By training with high learning rates we can reach a model that gets 93% accuracy in 70 epochs which is less than 7k iterations (as opposed to the 64k iterations which made roughly 360 epochs in the original paper).

This cyclical learning rate and momentums notebook contains all the experiments.

IMO, I think it’s too early to tell how well this technique works in general until we do more work to evaluate this. Nevertheless, I think this is an interesting and promising technique.

Note: everything that follows is unofficial.

The bleeding edge version (beta) of fastai library supports this technique. We can try it out by doing a git pull from fastai repo. Next is a high level summary of fastai library changes for this feature and some quick documentations:

1. New cyclical momentum

To use, add use_clr_beta parameter in the fit function that controls the 1cycle policy. For example:

learn.fit(0.8, 1, cycle_len=95, use_clr_beta=(10, 13.68, 0.95, 0.85), wds=1e-4)

The arguments of the use_clr_beta=(div, pct, max_mom, min_mom) tuples mean:

div: the amount to divide the passed learning rate to get the minimum learning rate. E.g.: pick 1/10th of the maximum learning rate for the minimum learning rate.

pct: the part of the cycle (in percent) that will be devoted to the LR annealing after the triangular cycle. E.g.: dedicate 13.68% of the cycle to the annealing at the end (that’s 13 epochs over 95).

max_mom: maximum momentum. E.g.: 0.95.

min_mom: minimum momentum. E.g.: 0.85.

Note, the two last args can be skipped if you don’t want to use cyclical momentum.

2. New learning rate finder function, lr_find2

This is a variant of lr_find. It doesn’t do an epoch but a fixed number of iterations (which may be more or less than an epoch depending on your data). At each step, it computes the validation loss and the metrics on the next batch in the training loop for the next batch of the validation data, so it’s slower than lr_find.
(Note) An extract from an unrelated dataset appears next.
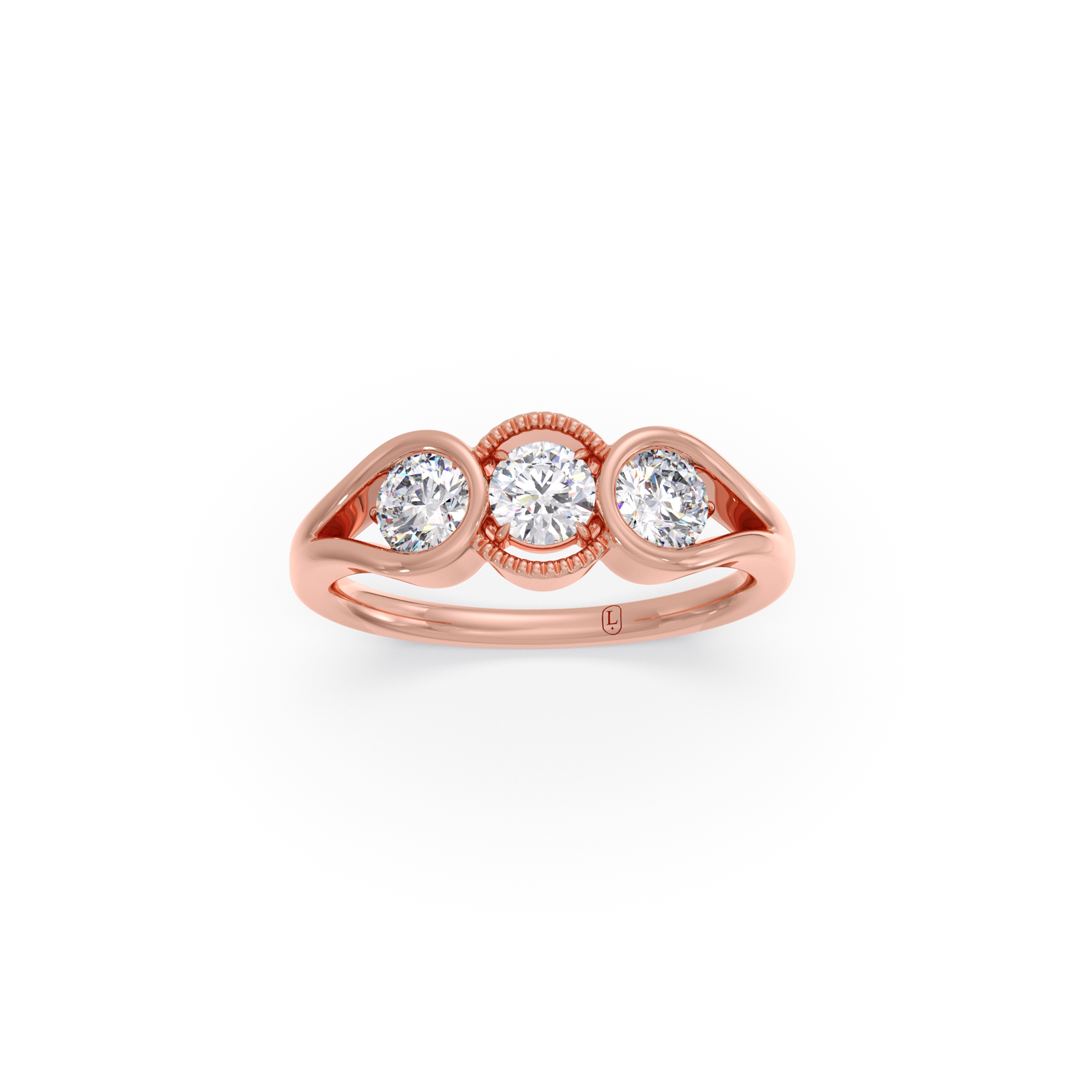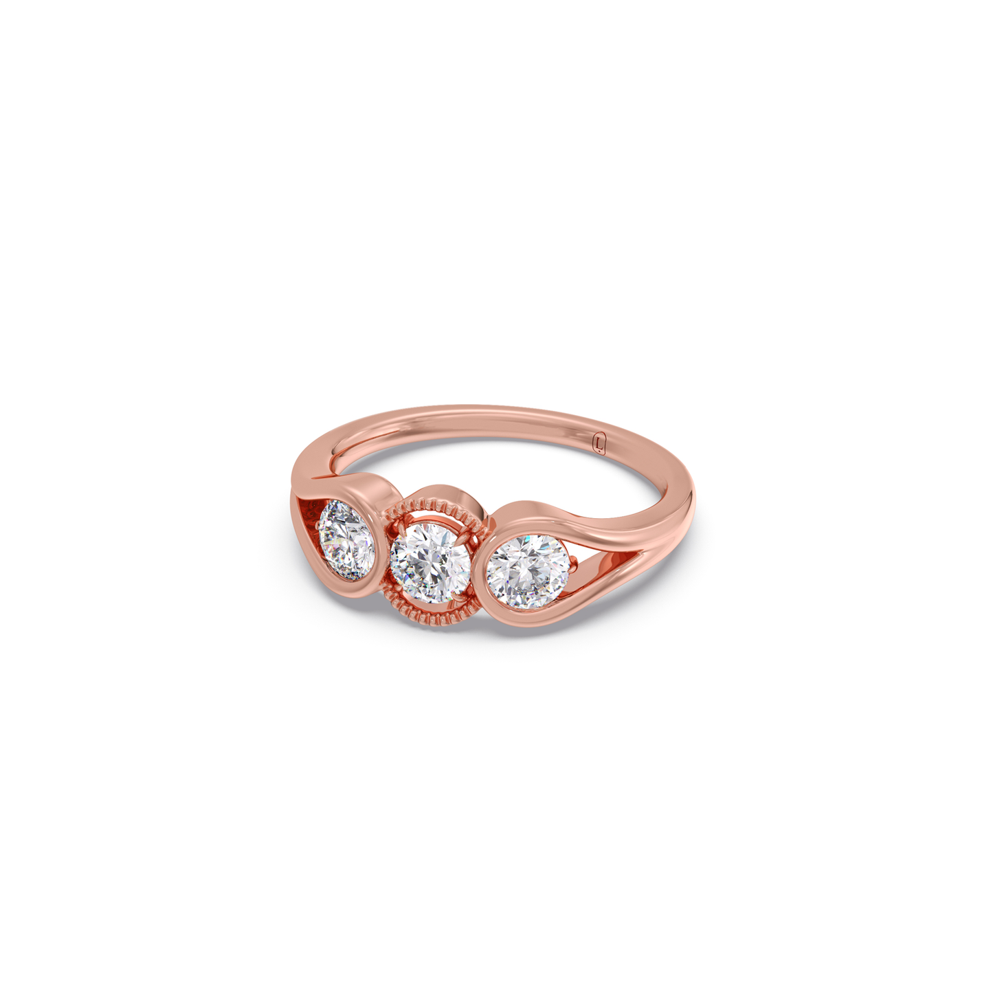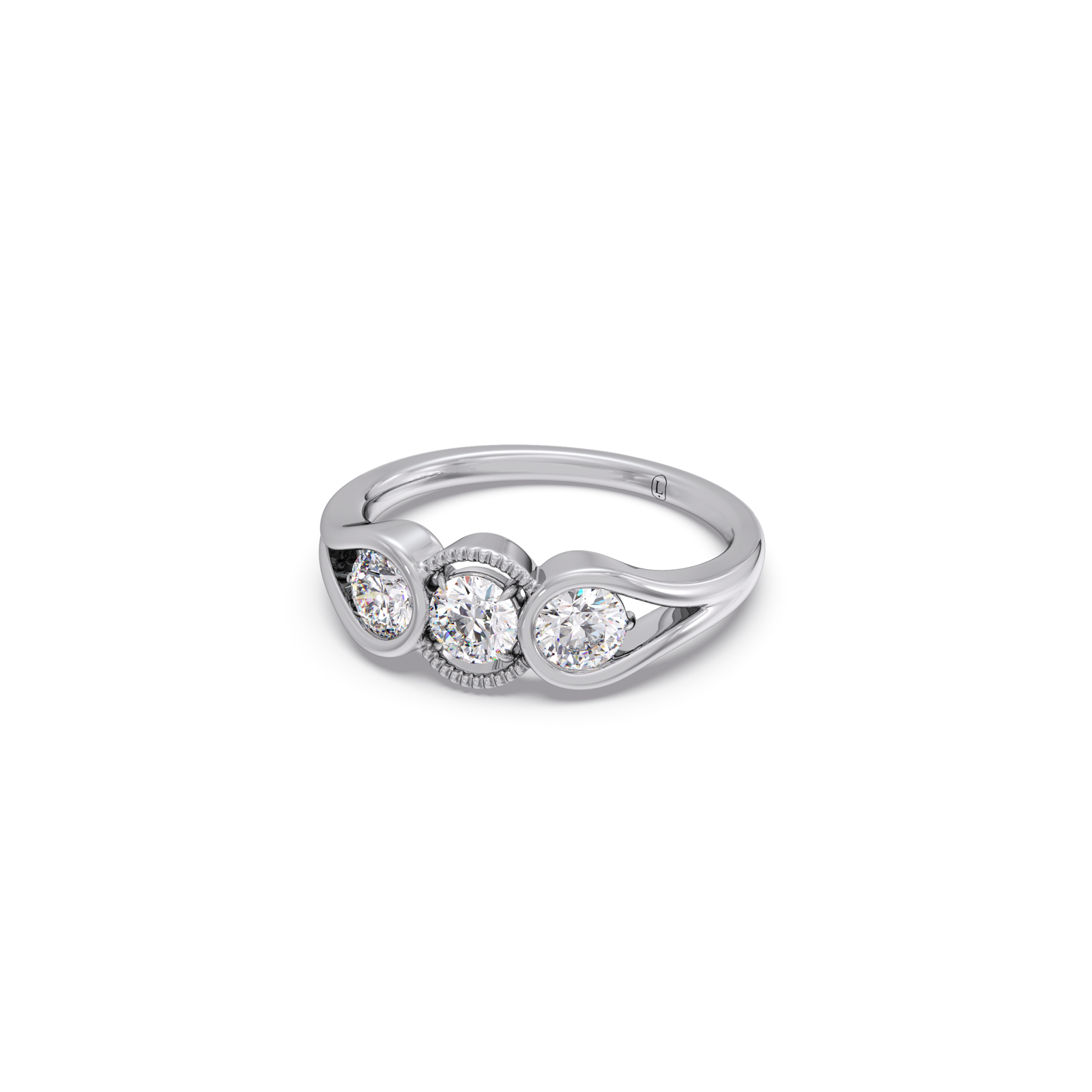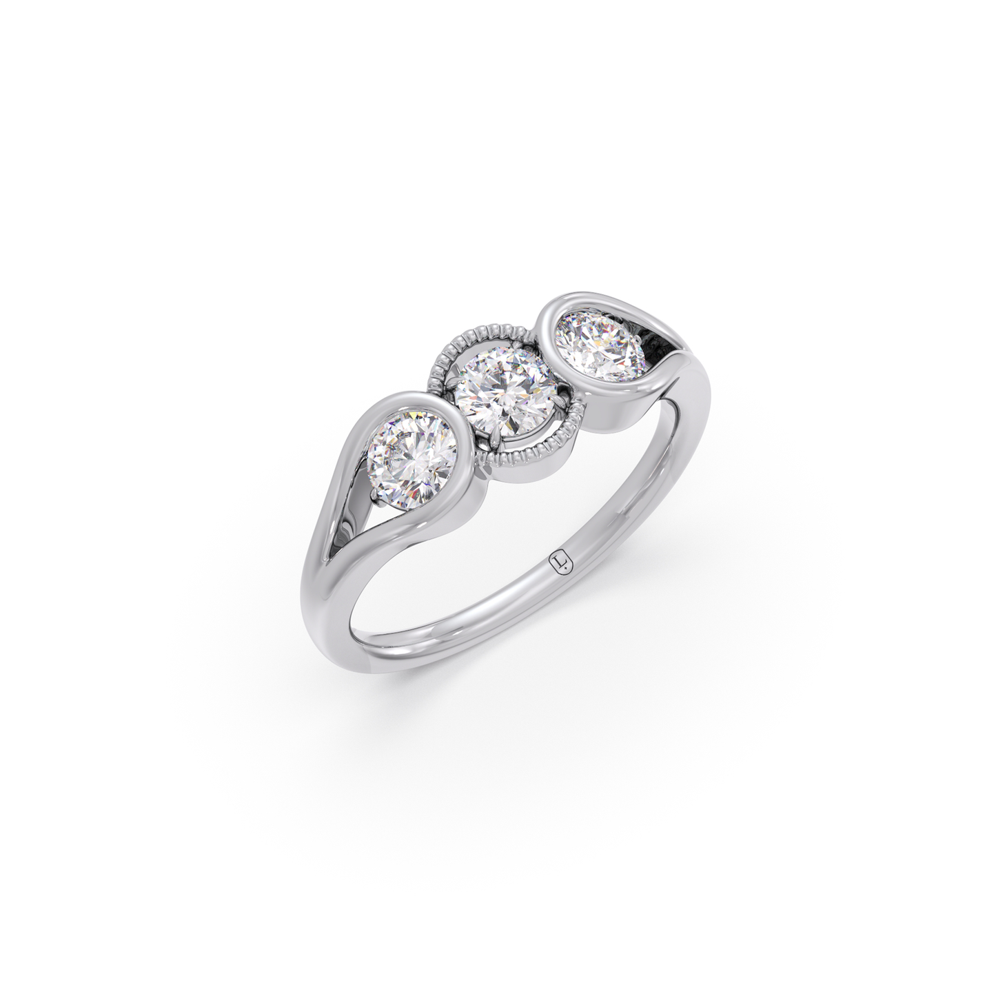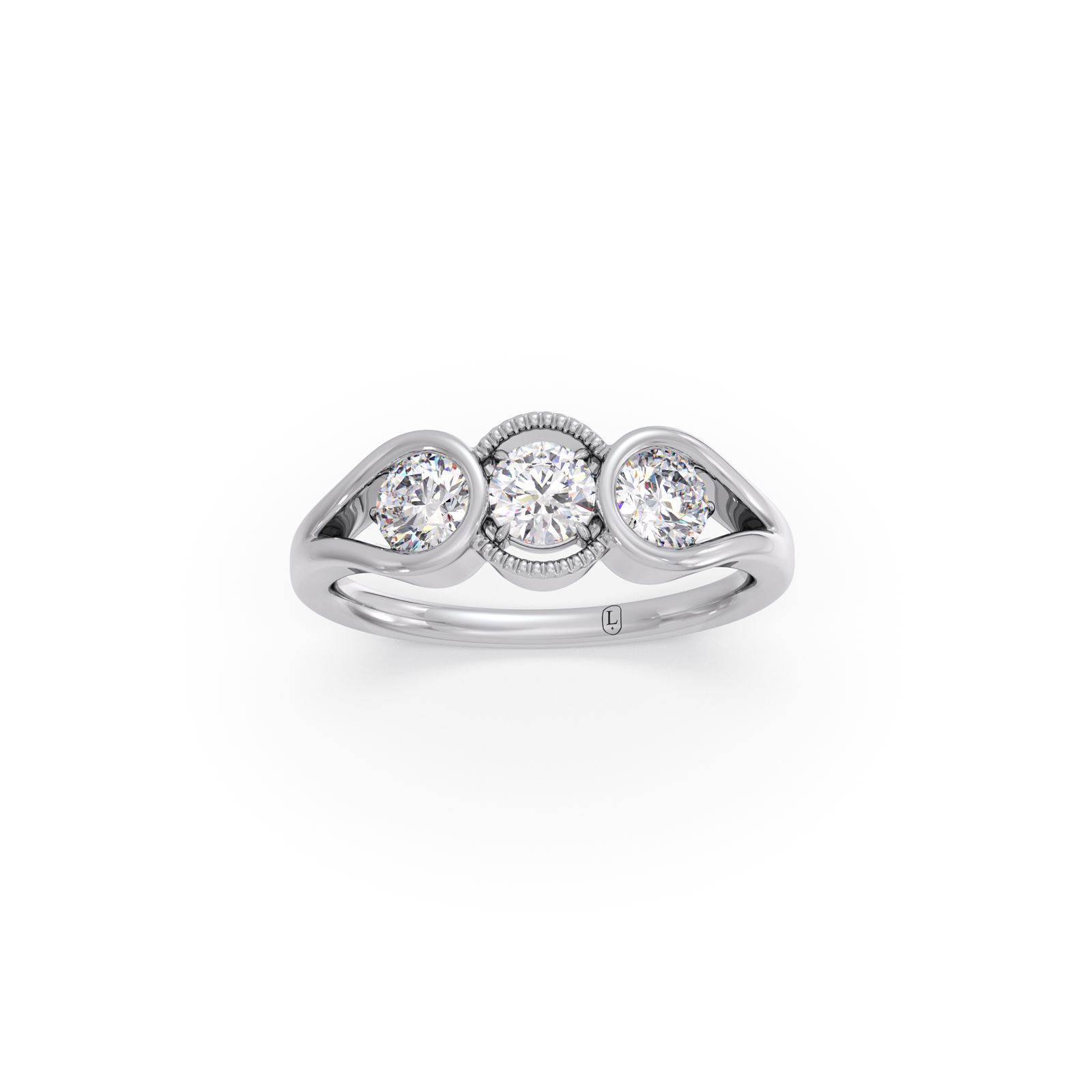 Inspired by the journey of a love story, this three-stone ring features a trio of brilliant round-cut diamonds. The stones are elegantly set within a flowing gold band with unique textured details, symbolizing your past, present, and future. This piece is a beautiful and meaningful token of your commitment.

An example from the notebook under “Tuning weight decay” section:

learn.lr_find2(wds=1e-2, start_lr=0.01, end_lr=100, num_it=100)

The arguments of lr_find2(start_lr, end_lr, num_it, wds, linear, stop_dv)

start_lr: learning rate(s) for a learner’s layer_groups.

end_lr: the maximum learning rate to try.

num_it: the number of iterations you want it to run weight decays, wds.

stop_dv: stops (or not) when the losses starts to explode.

3. New plots

With lr_find2(), validation losses and metrics are saved each time they are computed (whether in normal training or LR find) so we can plot them after if we want.

charming · May 1, 2018, 3:42pm

thanks , it is very useful to me

cedric · May 3, 2018, 5:10am

Update: Jeremy wrote about this in a blog post titled “Training Imagenet in 3 hours for $25; and CIFAR10 for $0.26”.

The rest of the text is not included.